Venue: Radiator Whiskey
Location: Seattle, WA
Rating: 4.5/5
Pike’s Place on a Friday night is a busy place, even in January. But Radiator Whiskey, located on the 3rd floor of a shopping plaza, keep your dining experience free of the chaos of tourists and local shoppers. In place of that pedestrian experience you are thrust into a throng of people determined to eat and drink only the most select options found in a city full of individuality and flavor.
My sisters and I were spending the night in Seattle before taking the Amtrak down to Los Angeles for the weekend (read more about that in another review) and wanted to find the perfect spot in Seattle to have dinner before heading to our hotel (the incredible Motif) for drinks and conversation. I’d found Radiator Whiskey about a week earlier searching for places online and it seemed to fit the bill. That decision was validated the moment we walked through the door of the restaurant and found the place packed, beyond packed actually as we were told they were virtually booked for the night but that we could have a table for 1 hour if we promised to be quick.
It took us about 2 seconds to decide we wanted to take the table, even if it was for only an hour. We were quickly seated and given waters and a bowl of popcorn before our server greeted us. Drink orders were taken, I ordered two cocktails to ensure we met our time limit (the Smoked Maple Old Fashioned was an interesting take on one of my favorite drinks and the Guns N’ Rosemary was a fun, fitting gin cocktail that went well with dinner. Our drinks were served in a timely fashion despite the constant shuffle of people filling tables as quickly as they were emptied. My sisters were equally pleased with the drink selection and if we’d had more time I think we could have easily made it through the entire menu.

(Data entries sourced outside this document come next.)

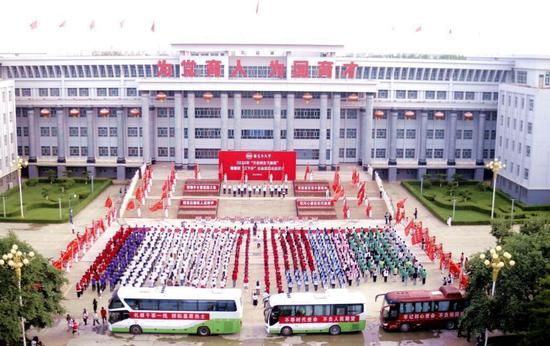 7月6日上午,伴随着雄壮的奏唱国歌声,塔里木大学2024年“万名师生下基层”暨暑期“三下乡”社会实践出征仪式在综合楼前举行。
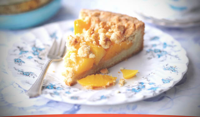 Elabora una receta de Tarta de melocotón con masa desmigada para 12 - 16 personas en poco más de aproximadamente 75 minutos (más tiempo de enfriamiento) y por menos de 5 euros. La dificultad de la receta
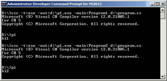 Program1.cs(10,15): error CS0017: Program 'd:\p1.exe' has more than one entry point defined: 'Program2.Main()'. Compile with /main to specify the type that contains the entry point.
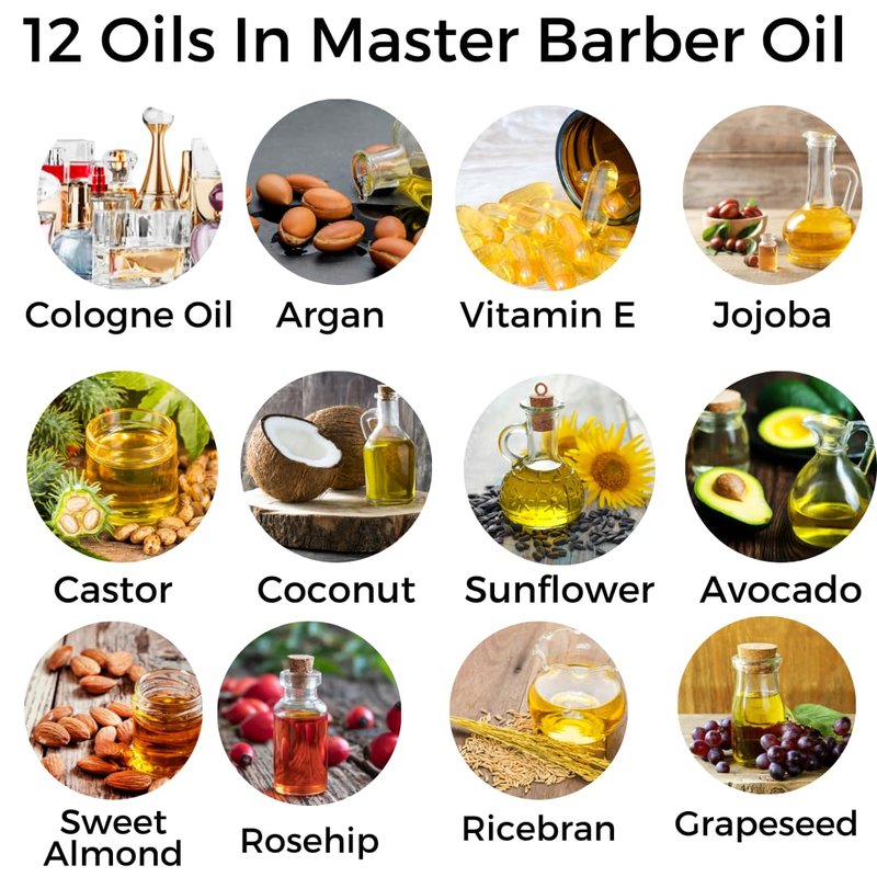 - Master Barber Oil, anti-aging, cologne, beard care, haircare, skincare, argan oil, rice bran, sunflower, almond, rosehips, avocado, MCT, jojoba, vitamin E, castor, grape seed, fragrance, moisturize, nourish, revitalize, hydrate, soften, brighten
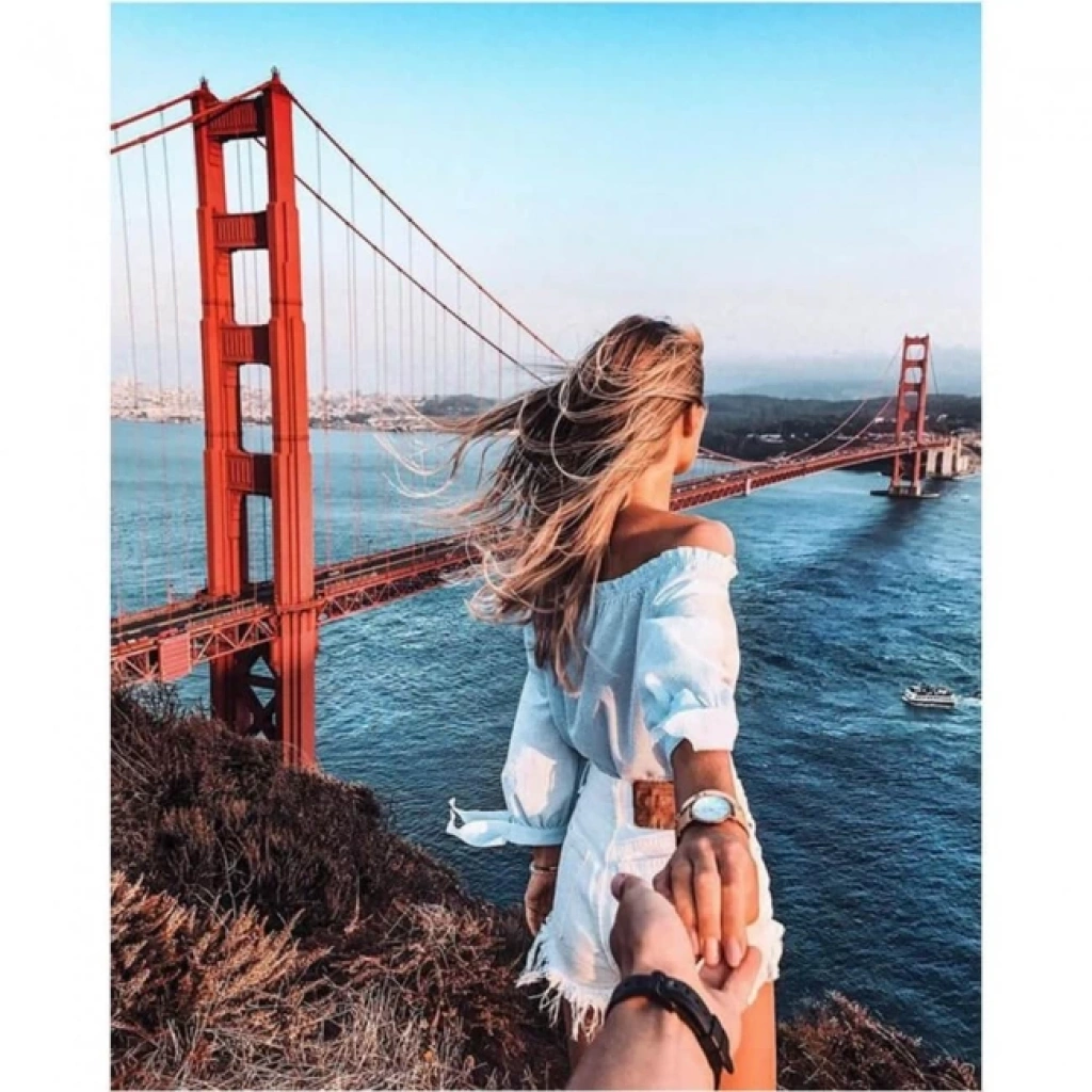 Kanvas Sayılarla Boyama Seti Kasnaklı-çerçeveli Golden Gate'te Aşk

We hit a wall when it came to picking dinner however, the menu at Radiator Whiskey reads like a mixture of culinary themed slam poetry and a manifest of items off of a pirate ship. In the end we decided to order three things to share amongst us; the gravy and fried egg topped tater tots, the braised beef brisket and the grilled goat cheese, tomato jam sandwich.
The tater tots were perfectly crisp and gut pleasingly covered in flavorful gravy and the brisket was so tender you almost needed a spoon to scoop the meat onto your tongue for it to fully melt away. But as delightful as both those dishes were they were nothing next to the simple, quaint idea of the grilled cheese sandwich. I cannot even honestly say there was bread involved in the making of this sandwich (my sisters have both confirmed there was bread) because all I could taste was the sharp, pungent flavor of melted goat cheese that provided the texture of both a lesser melted cheese and a finer crumbling cheese simultaneously followed by the sublimely sweet contrast of tomato jam. I’ll be honest, I had no expectations of this sandwich, it was the last thing I tried on the table. I’d not even considered the concept of tomato being turned into jam, not even as I was taking my first bite did the notion strike me as absurd. Then the flavors hit me and I sat there for a couple of minutes trying to process what I was tasting, goat cheese and tomato jam. How in the fuck was that a combination that not only worked but has ruined all other grilled cheese sandwiches for me?
That is not hyperbole, I’ve yet to taste anything in the past week that has satisfied my taste buds the way that simple comfort food managed to. Add that experience to the incredible staff, location, atmosphere, music selection and signature drinks and you’ll get an equally astounding recipe for Radiator Whiskey; a singular dining experience that cannot be replicated, only imitated. This will forever be included on future trips to Seattle, maybe even any time I am in the PNW.